The label for this new Walker names some of the “signature distilleries” that provided the single malt – Cardhu, Caol Ila, Clynelish, Glenkinchie–as well as Cameronbridge, which made the grain whisky. It’s very unusual to see Cameronbridge on a label, since it is the enormous and practically anonymous grain distillery that powers much of Johnnie Walker.

Cameronbridge is one source of the “High Rye” in the whisky’s name. The other, surprisingly, is Teaninich, one of Diageo’s biggest malt distilleries. Teaninich has no mash tun, but uses a mash filter, and I can’t help wondering if this old-is-new-again technology is why they chose to distill the “difficult” grain there.

Johnnie Walker whisky specialist George Harper gets shared creator label credit on the High Rye along with revered blender Jim Beveridge (who recently announced his retirement). “Because we are using malted rye at Teaninich,” Harper said, “the rye spirit produced there is actually a pot still-distilled single grain.” Malted rye needs no barley malt to convert the mash, so it’s a single grain. So if it was malted barley instead of rye, it would be a single malt, not a grain whisky. That’s a neat little thing!

But, of course, the most interesting thing about Johnnie Walker High Rye is the whisky itself.

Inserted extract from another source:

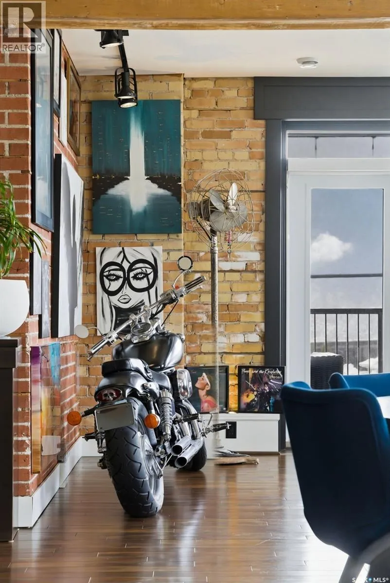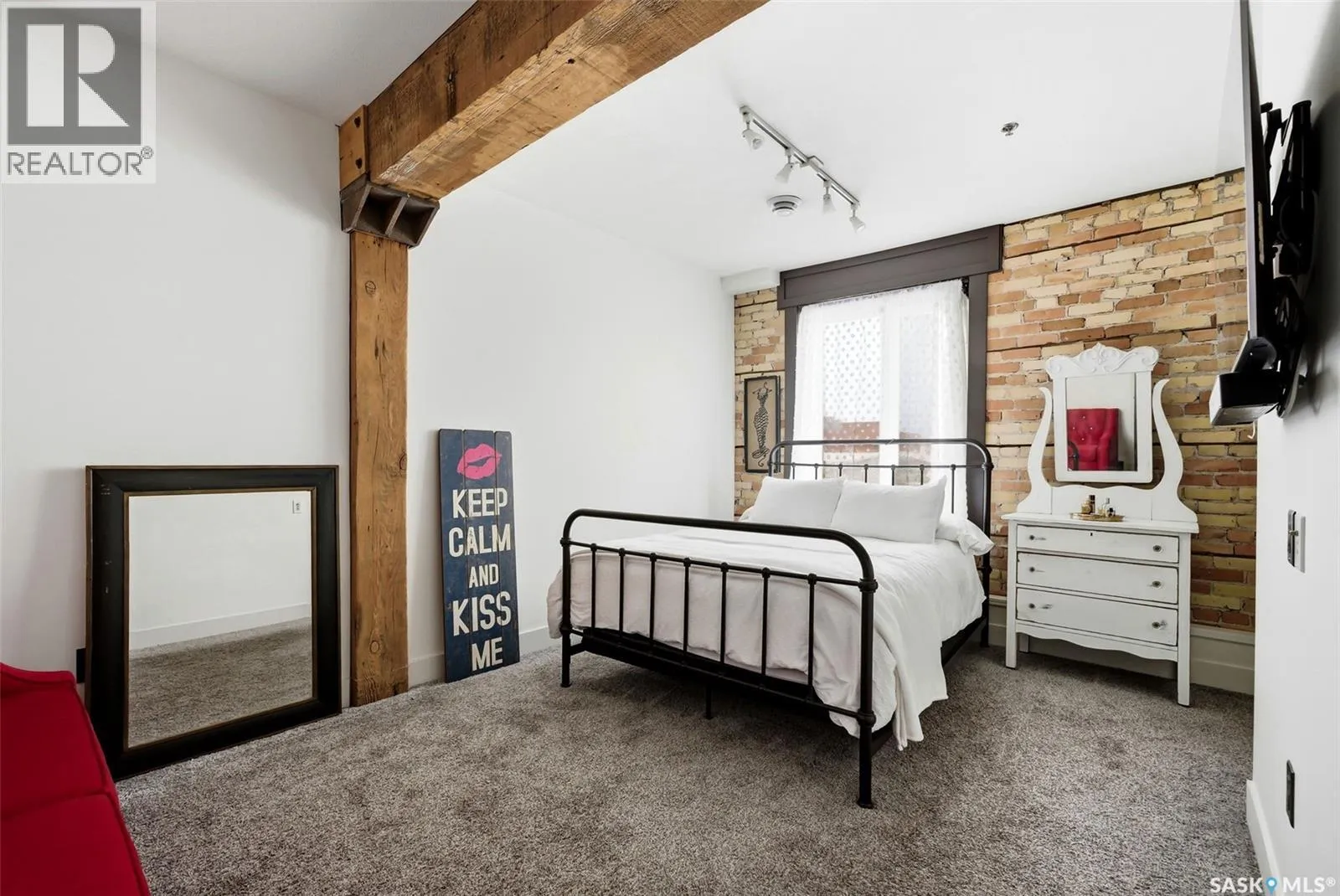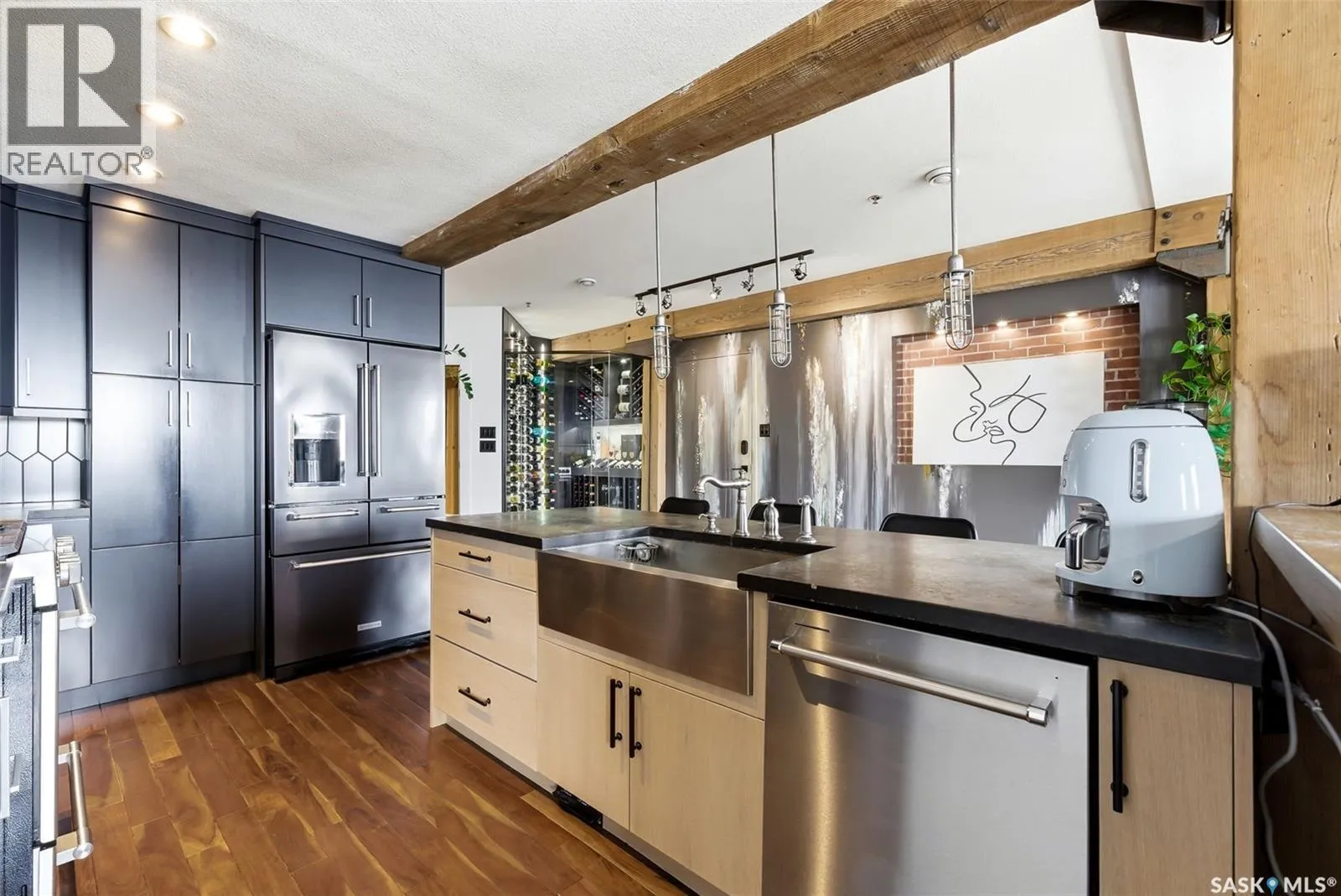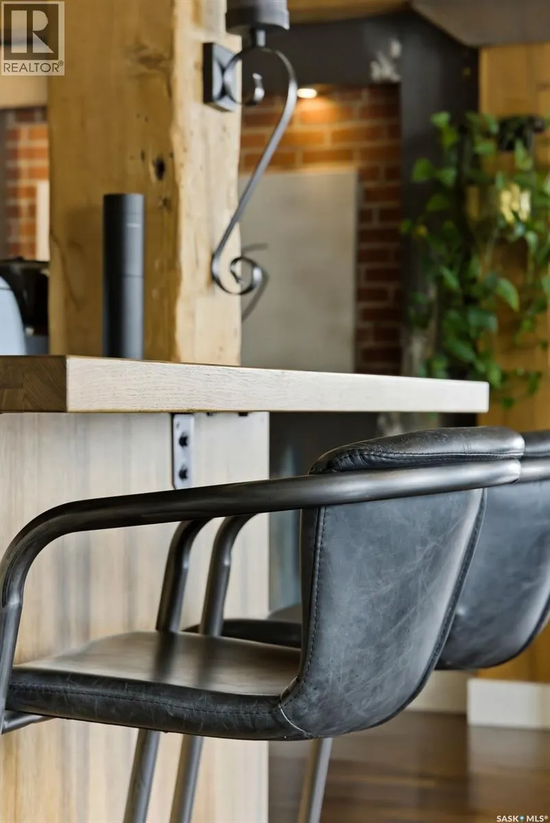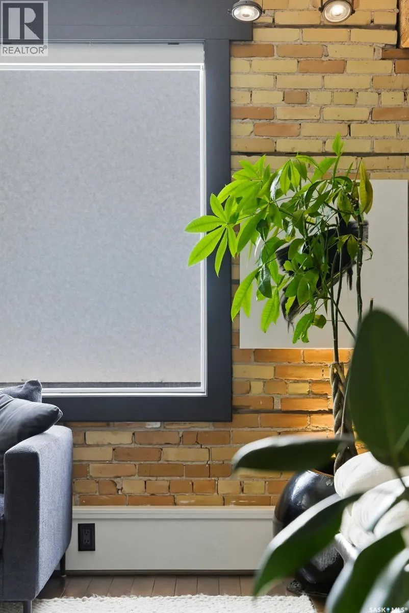 Located in Reginaâs Warehouse District, this stunning one-of-kind loft delivers a rare blend of character, space, and modern updates. The open-concept design features two distinct living areas, formal dining space, and beautifully updated kitchenâall anchored by rich American walnut hardwood and framed by original exposed brick and beam construction. The space feels both effortlessly cool & very functional. South & west-facing exposures flood the space with natural light while offering views of the downtown skyline, and our iconic prairie sunsets. The spacious primary suite features a walk-in closet and an updated ensuite complete with soaker tub, custom tile shower, & double vanity. The 2nd bedroom also includes a walk-in closet w/custom organizers. The main bath has also been updated, elevating everyday comfort with heated floors and a jetted tub/shower combo. The kitchen is both stylish & functional, showcasing updated dark-stained Gun Metal Blue maple cabinetry, concrete countertops, stainless appliances, tiled backsplash & statement feature wall by Justine Marie Studios. The solid wood stand-up eating bar creates the perfect hub for hosting. And we canât forget about the newly added sleek glass-front wine cellarâan elegant focal point for entertaining and display. A versatile laundry/bonus room offers flexibility for a home office, den, guest space, or gym. Step outside to your impressive 19â x 23â private deck complete with a natural gas BBQ hookup, water line for plants, low-maintenance decking, and electronic sunshades. This outdoor space overlooks the landscaped courtyard & pool shared by only nine owners. Highlights include: Double detached garage + parking stall inside the gated compound; large basement storage unit; Updated appliances (KitchenAid French Door fridge & dishwasher); Owned water heater; Updated lighting, paint & remote blinds throughout. Contact your agent to schedule your private viewing. (id:27476)

Taste it next to the classic Johnnie Walker Black Label, and the difference is clear. The High Rye has the sweet malt and fruit of the iconic Black, with just a hint of the familiar smoke, but the rye gives it a youthful liveliness and a crisp edge. As Harper said, “this will be a great whisky for people who enjoy rye whiskey and are looking for a unique, new expression of rye flavor.”

That’s what I learned from this tour of non-American ryes. Not all rye whiskies have to taste the same or even similarly, and new hands, new minds are finding new flavors in this old ingredient. We’re just getting started on what this quirky grain can deliver in a glass, and it’s an education to taste what’s out there now.

Rye is rising, and the future is positively kaleidoscopic.